In Raymond's book on Pseudodifferential Operator page 18, he says , where $S'$ is the tempered distributions, we define sobolev space of exponent $s$ as
$u \in S'$ with $\lambda^s \hat{u} \in L^2$. This is equivalent to $\hat{u}$ is a function satisfying $$ ||u||_s^2 =(2 \pi)^{-n} \int (1+|\xi|^2 )^s |\hat{u}(\xi)|^2 \,d \xi < \infty $$ $\lambda^s (\xi) = (1+|\xi|^2 )^\frac{s}{2}$.
My concern is if $u \in S'$, then $u:S \rightarrow \Bbb R$ is a continuous semi linear norm. How does this guarantee $\hat{u}$ is a "function"?
Let me make this more precise.
Let us denote $u \in S'$ by $L_u$ as it is a linear functional.

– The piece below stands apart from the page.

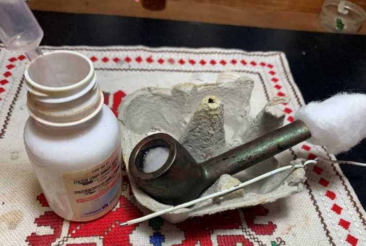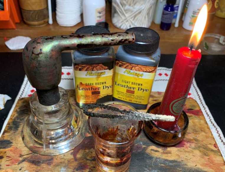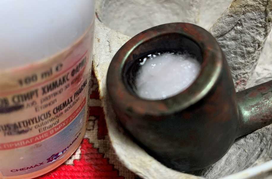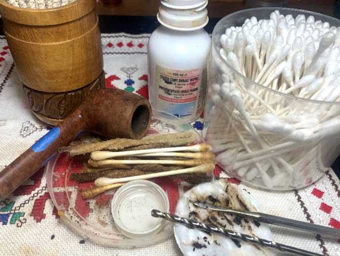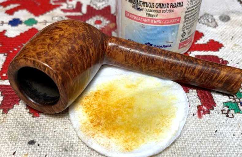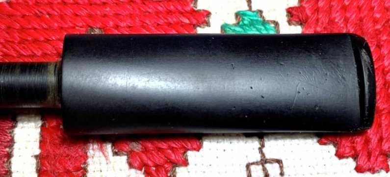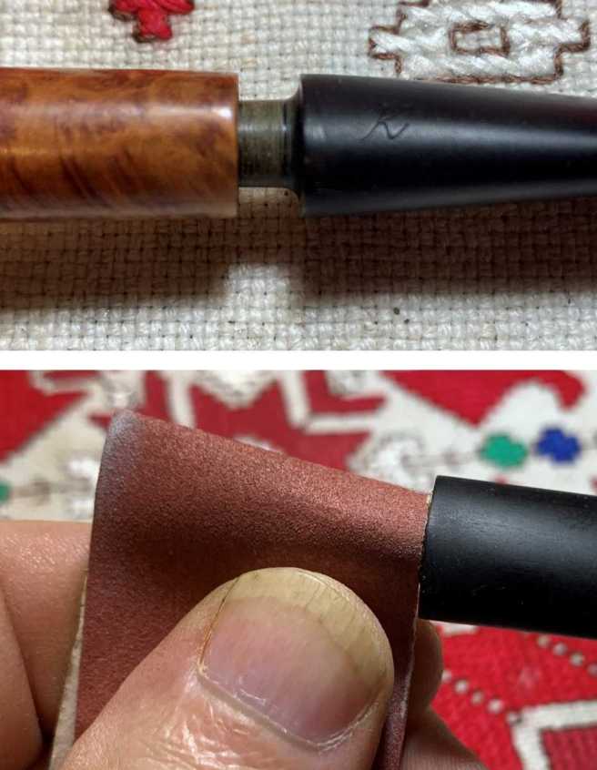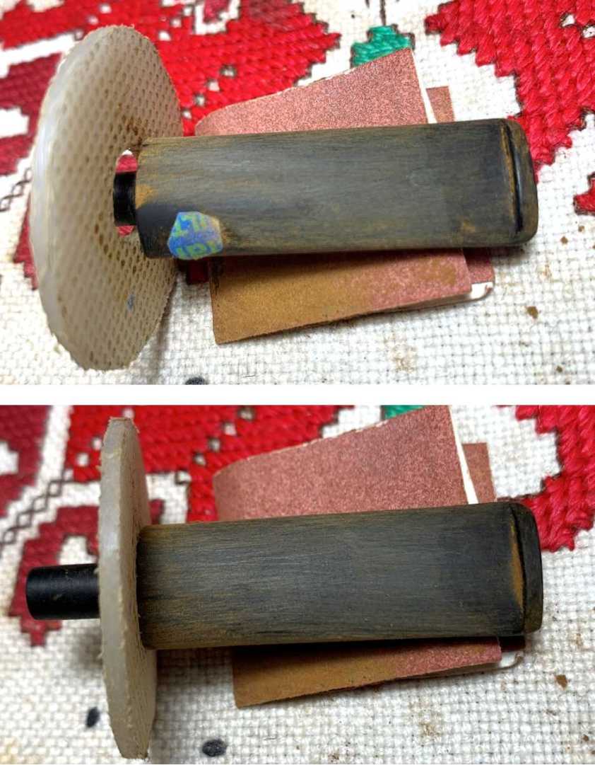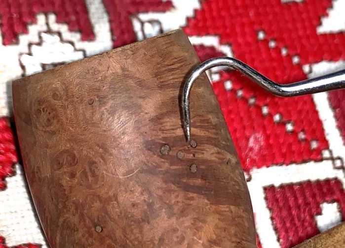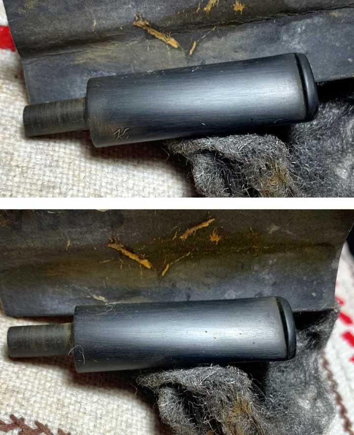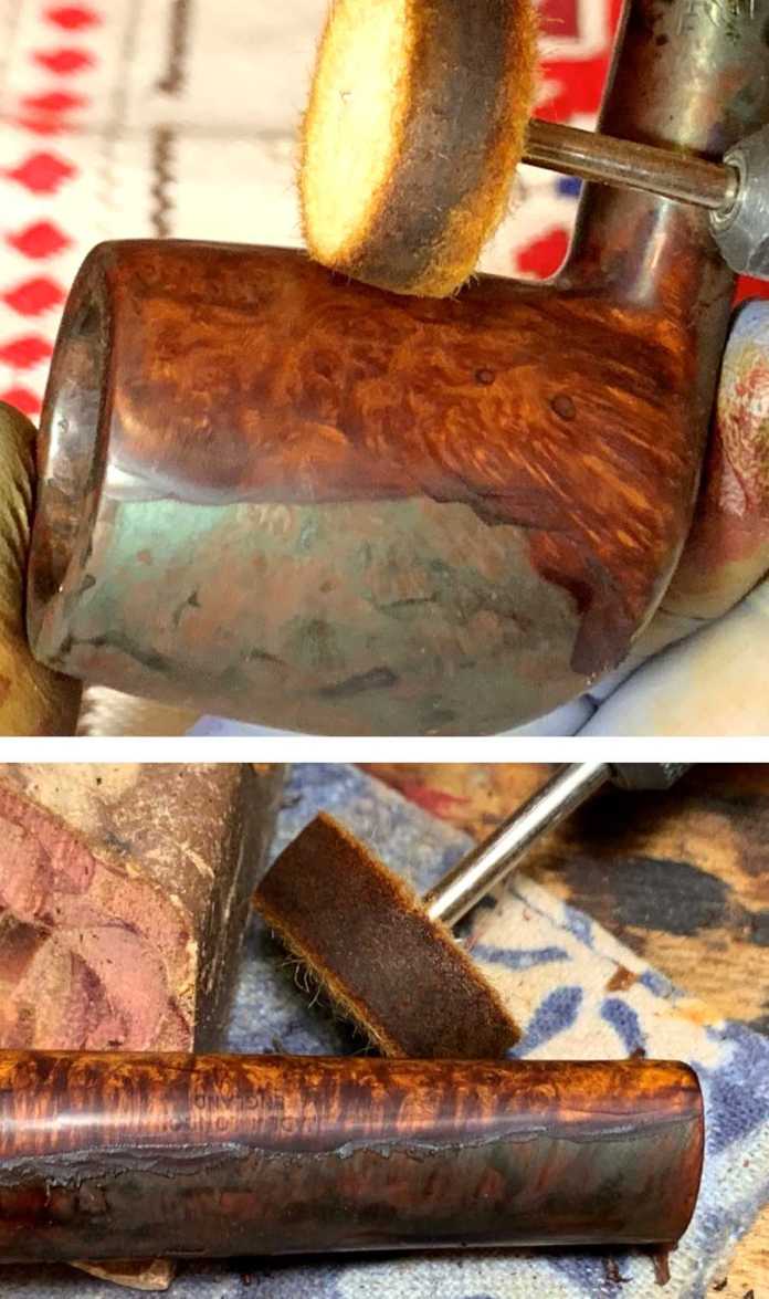 With a deeper understanding of the Comoy’s ‘The Kensington’ on the worktable, I take a closer look at the issues it has.  The Canadian is generally in a very solid condition.  The cake buildup in the chamber is minimal. The bowl needs cleaning for normal dirt and grime.  The most significant issue I see are the fills evident around the bowl. I count seven small fills mainly in patches of bird’s eye grain. The Canadian’s short stem is in good shape.  Almost no chatter to speak of and very mild oxidation.  The vulcanite surface is rough and will be smoothed through the sanding process. To begin the process of bringing this Comoy’s ‘The Kensington’ back to life, the short stem is cleaned with pipe cleaners wetted with isopropyl 99%.  When this is completed, the stem is placed in a soak of Briarville.com’s, Pipe Stem Oxidation Remover. After several hours of soaking in the solution, the stem is fished out and wiped briskly with a cotton cloth to remove the raised oxidation.  A pipe cleaner wetted with isopropyl 99% is also run through the airway to remove the Oxidation Remover residue. To give the vulcanite a kick start in rejuvenation, the stem is wiped with paraffin oil, a mineral oil.  The stem is put aside allowing the oil to be absorbed.  As an added note, the ‘valued’ Kensington ‘K’ stem logo went through the soak with no problems. With the stem waiting in the wings, I now turn to the stummel cleaning process.  The first thing to do is to clean the chamber of carbon cake buildup.  There is very little cake buildup as the starting picture below shows.  Still, I like to allow fresh briar to surface and to inspect the chamber for problems. Reaming the chamber utilizes 2 blade heads from the Pipnet Reaming Kit. The reaming is followed by scraping the chamber walls with a very helpful tool to have in one’s tool chest, the Savinelli Fitsall Tool.  It reaches the hard-to-reach places and does a great job on the floor of the chamber. This is followed by sanding the chamber to remove all the remaining carbon deposited on the chamber walls. 240 sanding paper wrapped around the Sharpie Pen does the job well.  The full cleaning arsenal is shown. After the chamber is wiped with a cotton pad, a picture shows the cleaned chamber.  A quick inspection shows no heating or burning problems.  Moving on! The next step is cleaning the external briar.  To do this, undiluted Murphy’s Oil Soap is used with a cotton pad to scrub the stummel surface.  A starting picture shows the rim grime. A cotton pad is used to scrub the surface.  My fingernail is used to scrape the rim surface as well as the edge of the pocketknife (carefully!). The pipe is then taken to the utility sink where using hot water and anti-oil liquid dishwashing soap, the internals are scrubbed using long shank brushes.  With the long Canadian shank, the brushes do a good job.  After the stummel internals are scrubbed and thoroughly rinsed, the stummel goes back to the worktable to show the results.  The grime has been removed and it appears the natural briar remains with the patina.  The rim cleaned very nicely but a black char ring remains around the internal rim lip and a little darkness on the forward rim. Looking now more closely at the stummel, a closeup of the rim shows the darkened forward section and the internal rim ring. I also inspect the small fills over the stummel. Often, after cleaning and the fills become wet, they will soften and shrink leaving gaps around the fills.  I look and test each fill with a dental probe and the good news is that they all seem to be solid.  This is good news, so I don’t have to replace the fills which leaves a lightened patch of briar around the work area.  I will leave the fills as is and after sanding the stummel with micromesh pads, check on them again.  It’s probable that a dye stick will be needed to mask the fills.  We’ll see. I start with the rim repair.  There are two issues.  The internal rim lip is darkened from the heating and normal use of the pipe. I’ll give the rim a very small bevel to clean the internal rim. I use a hard surface to pinch the 240 grade paper against the rim lip to create the bevel.  It works great.  The char ring is clean and most of the dark burning on the forward section of the rim is gone. Sanding with micromesh pads should finish the job. The beveling process is followed by using 600 grade paper. Before applying micromesh sanding to the stummel, painter’s tape is used to cover the ‘The Kensington’ nomenclature, COM and shape number stampings.  After spending so much time in research, I have no desire to erase this history from the pipe! Hold the press!  Just before starting the work with the micromesh pads, I realized that I had not completed the internal cleaning – so anxious to work on the stummel, it slipped my mind!  So, a little digression.  Using cotton buds and pipe cleaners wetted with isopropyl 99%, the internal cleaning continues.  The effort was aided by a small dental spoon that helps scrape tar and oil gunk buildup on the mortise walls.  The more that can be excavated like this, the fewer buds and pipe cleaners are needed.   Also useful is to use a 4mm drill bit, the standard airway drilling size. Drilling into the long shank helps to aid cleaning the tars and oils deeper in the shank.  I hold the bit stationary and rotate the stummel clockwise. The clockwise turning takes full advantage of the bit design. As the bit becomes more difficult to hold, I use the table vice to hold it in place while continuing the stummel rotation until reaching the draft hole.  To extract, I continue to rotate the stummel clockwise while applying gentle pressure pulling the stummel off the drill bit. The drill bit did the trick. Very soon the pipe cleaners and cotton buds were emerging lighter.  I stop the cleaning for now with the plan to continue the internal cleaning using a cotton bal

So $L_u: S \rightarrow \Bbb C$ is a tempered dsitribution. We define $\hat{u}$ by $$L_{\hat{u}} (\varphi) = L_{u}(\hat{\varphi}(-x)), \quad \forall \varphi \in S$$
So this is our $\hat{u}:=L_{\hat{u}}$. This is an element in $S'$.
So what exactly does it mean to say that $\lambda^s \hat{u} \in L^2$? So I guess we embed $L^2$ into $S'$ I.e. there exists $\varphi \in L^2$ such that
$$\lambda^s \hat{u} (f) = \int f \bar{\varphi} $$ for all $f \in S$?
Your confusion seems to be on understanding the assumption $\lambda^s \hat u \in L^2$, since $\hat u$ is only an element of $S'$.
Important to keep in mind is the identification of $f\in L^1_{loc}$ with the distribution $T_f\in S'$ defined by $(T_f,\phi) = \int f\bar{\phi}$ for every $\phi\in S$. The map $ T : L^1_{loc} \to S'$ that sends $f\mapsto T_f$ is a continuous embedding, and one usually abusively writes $f=T_f$, but I'll avoid using it below.
On the one hand, as $\lambda^s\in C^\infty$ with polynomial growth of derivatives, $\lambda^s \hat u$ is well-defined as an element of $S'$. On the other hand, the assumption $\lambda^s \hat u\in L^2$ is read as (to be understood as) there exists $f\in L^2$ such that $T_f = \lambda^s \hat u$. [By the above identification $f=\lambda^s\hat u$, we treat $\lambda^s \hat u$ as a function.]
This implies that $\hat u$ is $T_g$ for some $g\in L^2$. Indeed, set $g = f/\lambda^s$, a well defined quotient of measurable functions. As $\lambda^s$ is bounded a.e. away from $0$, and $f\in L^1_{loc}$, $g$ is in $L^1_{loc}$. Then $$ (\hat u,\phi) =( \hat u,\lambda^s\lambda^{-s} \phi ) = (\lambda^s \hat u,\lambda^{-s} \phi ) = (T_f,\lambda^{-s} \phi)=(T_{f\lambda^{-s}}, \phi) = (T_g,\phi)$$ so $\hat u = T_g$.
PS for $s\ge 0$, $u$ is also a function, since $\hat u \in L^2$ by $L^\infty-L^1$ Holder's inequality. There are distributions that are not functions in $H^s$ for $s<0$. For instance, the Dirac delta which is in $S'(\mathbb R^d)$, is also in $H^{-d/2-\epsilon}(\mathbb R^d)$ for every $\epsilon>0$.